If any of the above resonate, then we know we have not given in true charity but have had some investment or need for self.

And so perhaps there are not too many people or charities out there who are truly giving of their time and money with ZERO investment of self. Certainly the charities that were exposed for cold-calling and haranguing people for money using ‘boiler-room tactics’ are far, far removed from true charity.

Of course it’s always easy to point the finger at others when the real work lies in looking at ourselves and removing our own attachments and investments, which requires a radical self-honesty to clock when we are doing something for self, when the ‘what’s in it for me?’ rises up – and when it is purely and simply for the love of all.

I can recognise both within myself: times when I have done something but there was an undercurrent of resentment about it, and times when I have freely given with zero need for anything in return. The two feel quite different in my body. The first is heavy and sticky, the second is open, expansive and free-flowing.

There is absolutely nothing charitable about cold-calling and persuading people to part with their money. If it is not freely given with love, without force, coercion, persuasion, guilt, sympathy, resentment, need, attachment, expectation or investment, then it is not true charity and it is certainly far removed from caritas.

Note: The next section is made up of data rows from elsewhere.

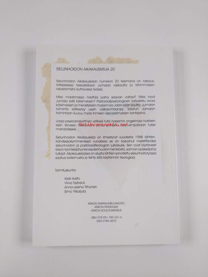 Muu(t) tekijä(t): Kirsti AaltoSarja: Sielunhoidon aikakauskirja 20Asiasanat: itsetunto, usko, Jumala, sielunhoito, paha, narsismi, rakkaus, homoseksuaalisuus, itsetuho, toivo, pastoraaliteologia, lähimmäisenrakkaus, kärsimys
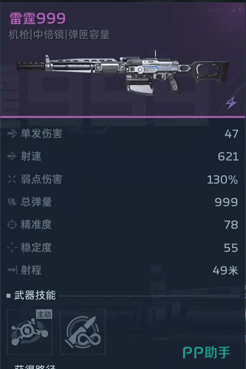 新手阶段最具性价比的非付费主武器为雷霆999,其副武器适配雷霆之影。该组合具备显著机制优势:主武器无需换弹,射速持续稳定,弹药基数充足,弱点部位伤害固定为130%;主动技能可触发电属性连锁伤害,即使未装配任何插件亦能形成有效压制。
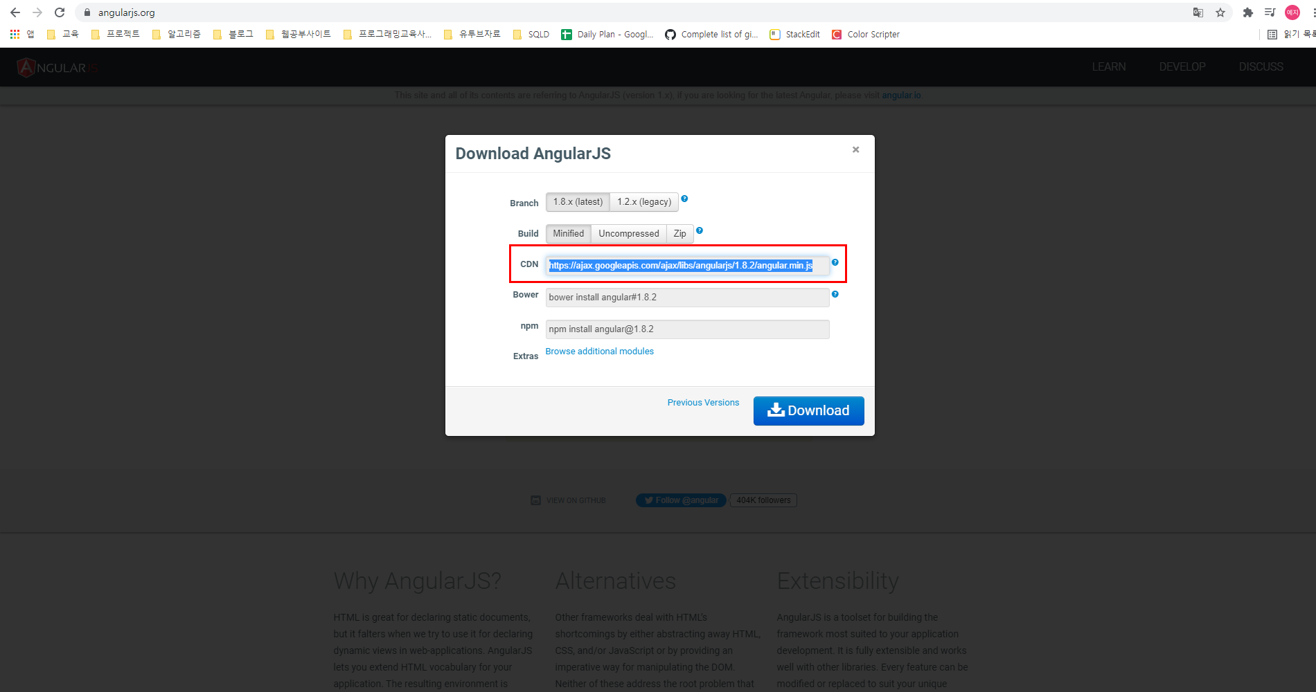 > AngularJS 라이브러리 사용을 위해 CDN 주소를 알아온다
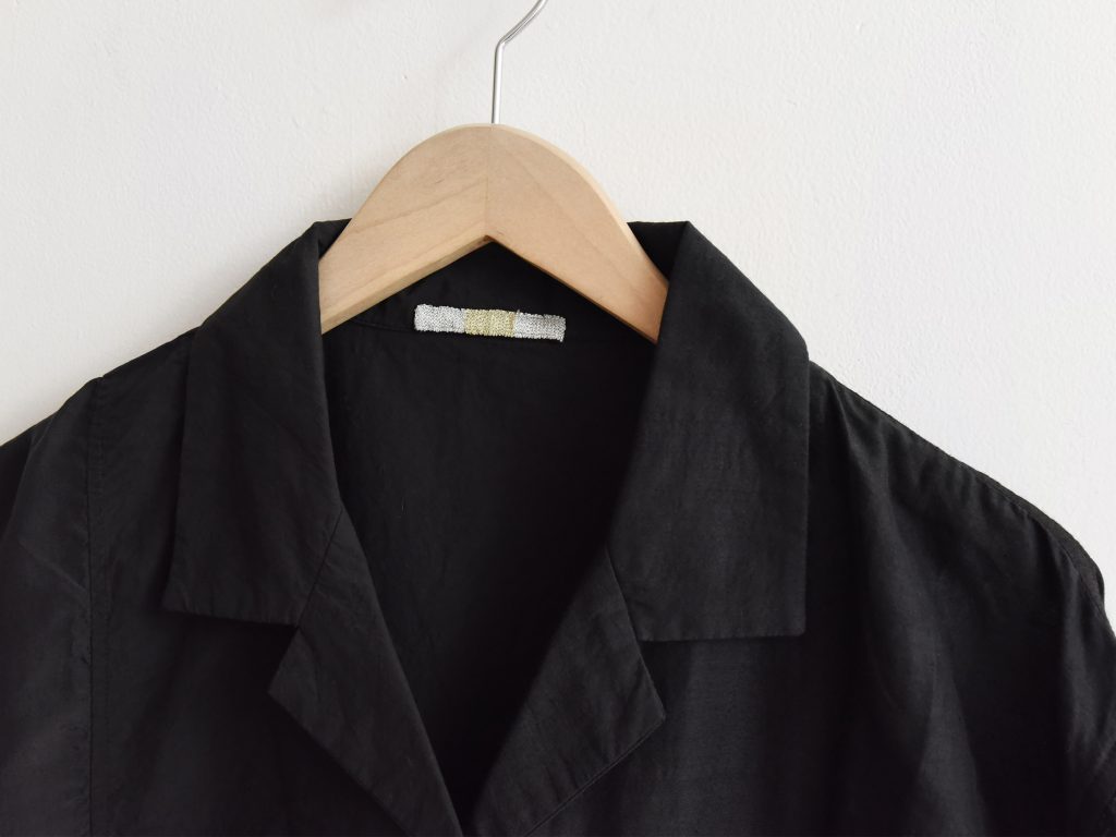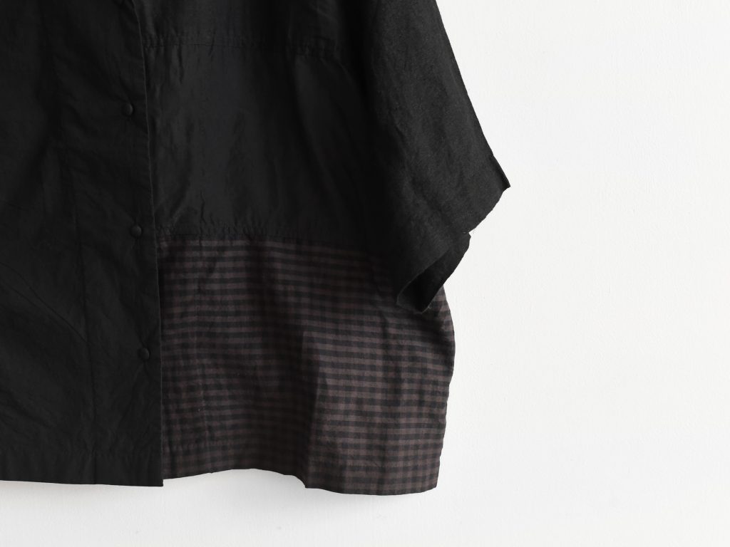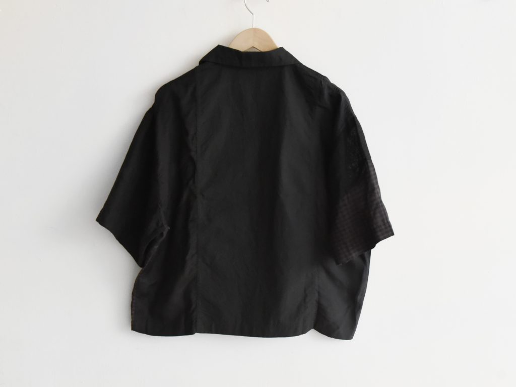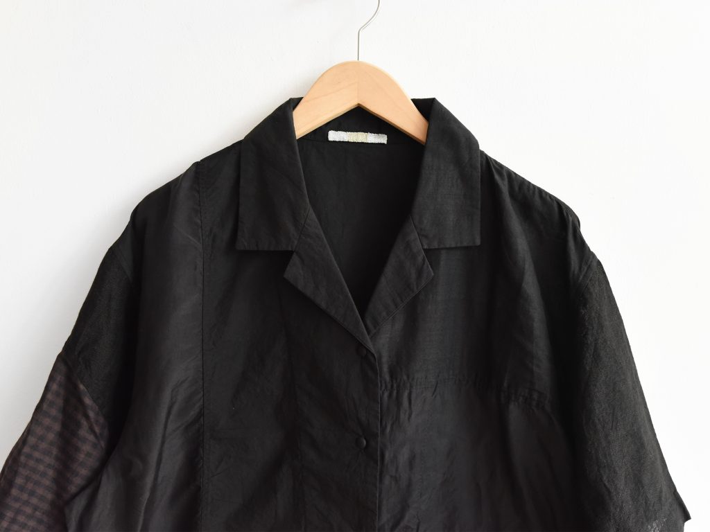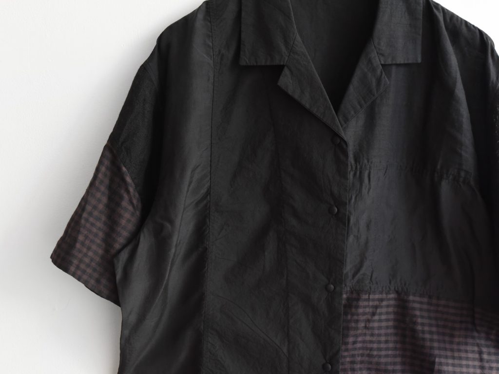 Women’s open collar shirt in black mixed fabrics. Made from cotton, linen, and silk. Constructed with multiple fabric panels in different colors and patterns. Light weight. Designed with an open collar and front button closure. Short sleeves.
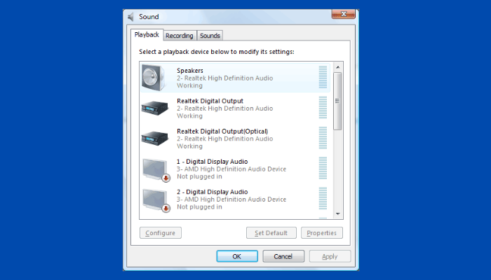 Bước 2: Nhấn chọn tab Playback, chọn thiết bị loa mặc định có dấu tích xanh, tìm Properties.

  1. Video 1: Undercover Footage Reveals GoGen Training Techniques
  2. Video 2: Undercover Footage in the Call Centre at GoGen
  3. Daily Mail UK, 11 July 2015, VICTORY! After Mail expose reveals shame of charity cold call sharks, PM pledges tough new laws to tackle ‘boiler room’ tactics targeting the elderly and vulnerable.

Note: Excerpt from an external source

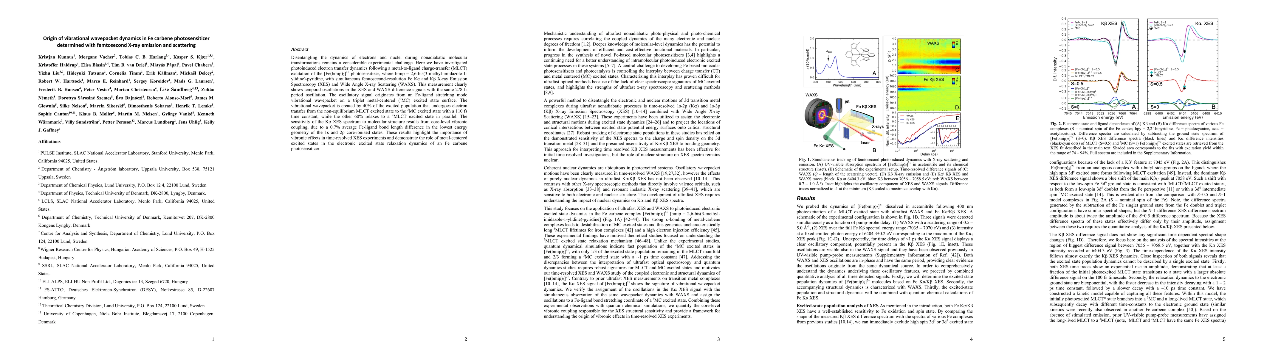 This study employs femtosecond X-ray emission and scattering to investigate the photoinduced electron transfer dynamics of an Fe carbene photosensitizer, revealing a 278 fs vibrational wavepacket oscillation originating from Fe-ligand stretching in a triplet metal-centered excited state. The findings underscore the significance of vibronic effects in the relaxation dynamics of metal-ligand charge-transfer excited states.
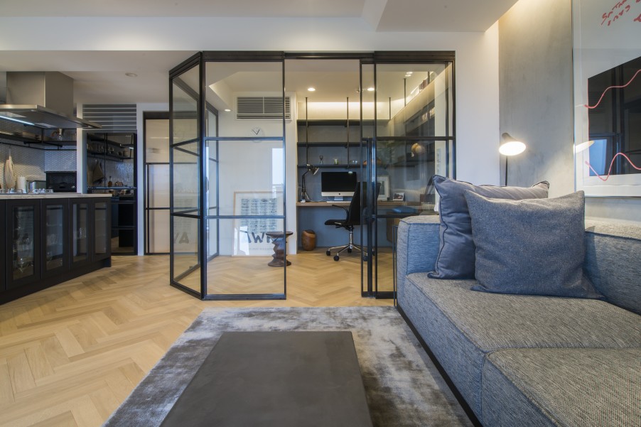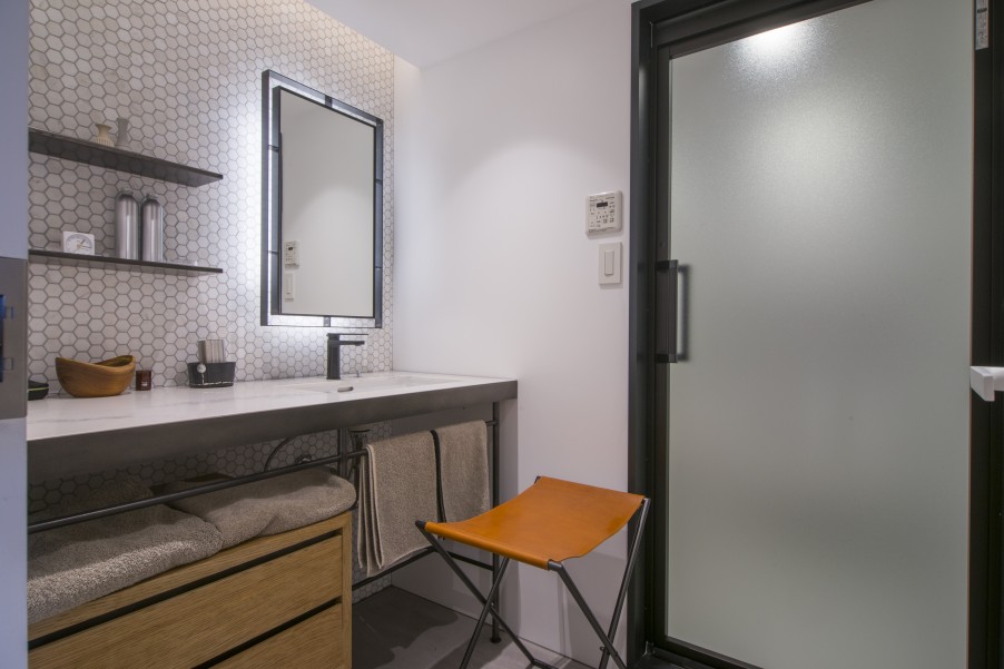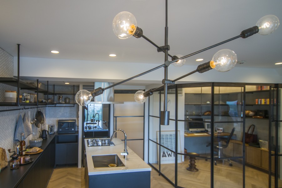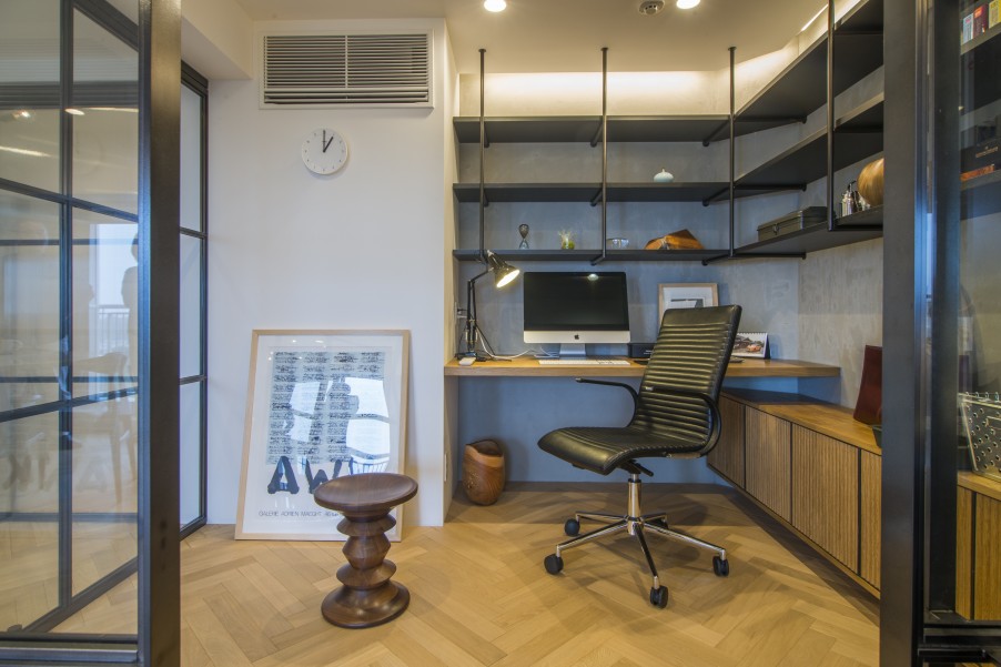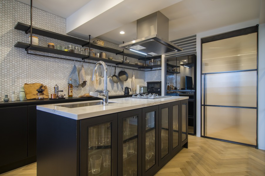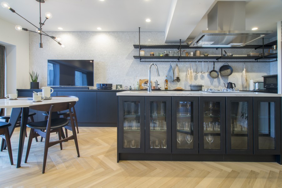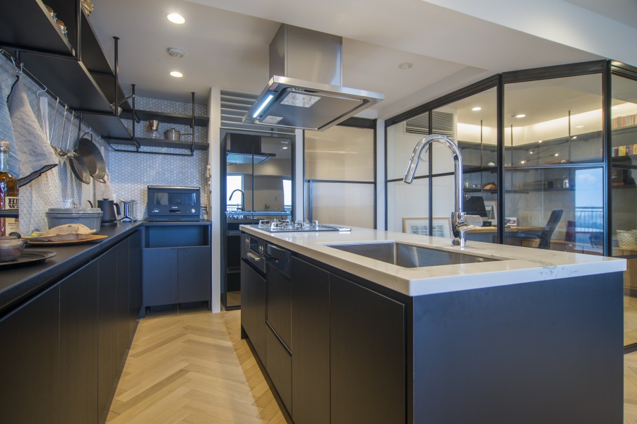 「リビングダイニングキッチンの壁や照明、さらに寝室のウォークインクローゼットも、アイアンとガラスで作られた『見せる収納』を取り入れています。各所、とってもオシャレで素敵ですよね。スケルトン状態から自分たちがオーダーして作っていたとしたら、こんな風にはできなかったと思います。私たちのセンスでは、絶対に作れなかったお部屋だと思います。」(奥様)

All three references can be found at:

3 Comments on “Charities, cold-calling and the nature of giving: just how charitable is it?

  1. This sums up cold calling so well! I worked in a role like this in Australia for about 3 weeks, and I felt sick going to work each day I attended. Working during the day, most of the people buying raffle tickets for the ‘charities’ I represented were elderly people who felt lonely, and they seemed to feel a sense of duty to fight for the cause I was calling about. They dutifully purchased tickets or made a donation, while I went home feeling ashamed, as though I’d had to deceive and coerce people into donating.
    There is certainly no unconditional or eternal love in this method of raising funds, for either party.

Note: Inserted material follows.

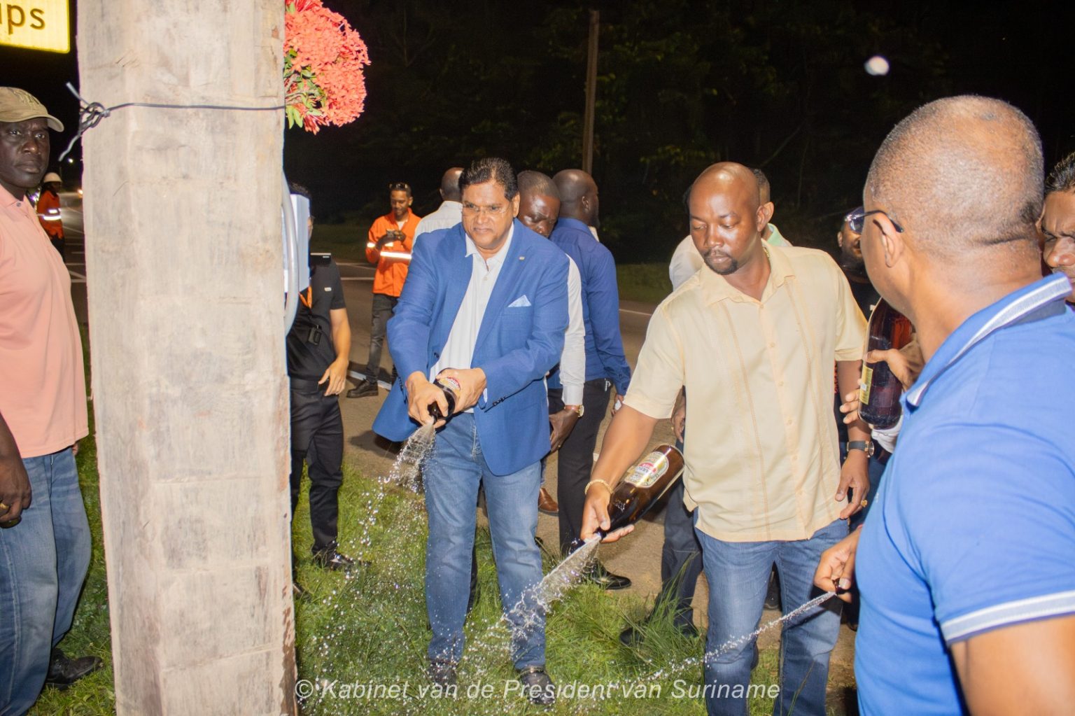 《政府网讯》 在Commewijne区,东西主干公路沿线安装新路灯,标志着提升道路安全与当地居民生活质量的重要一步。这项发展得益于自然资源部与苏里南能源公司(N.V. EBS)以及Alki技术集团的合作。4月18日(星期五)举行的启用仪式上,总统Chandrikapersad Santokhi、自然资源部长David Abiamofo、EBS总经理Leo Brunswijk及Commewijne区区长Mohamedsafiek Radjab均有出席。总统亲自为路灯通电。

    • Thanks Monica for adding to the conversation. It’s great to have the perspective of someone who has actually been a part of the charity call centre scene – and has felt how far from truly charitable it is to pressure vulnerable people to donate.

  2. I haven’t worked in a call centre but I have been called by personnel employed in them. While I’m not vulnerable to their approaches, I have to say I do not enjoy or appreciate their calls, and they feel no different from anyone else trying to sell me something. I get the same feeling from the employees of charities seeking donations in shopping centres and on the streets. Always, there is the pressure to buy, usually with an emotional hook to elicit sympathy. The only difference between this and other forms of high-pressure selling is the item being sold – a cause, rather than a tangible item.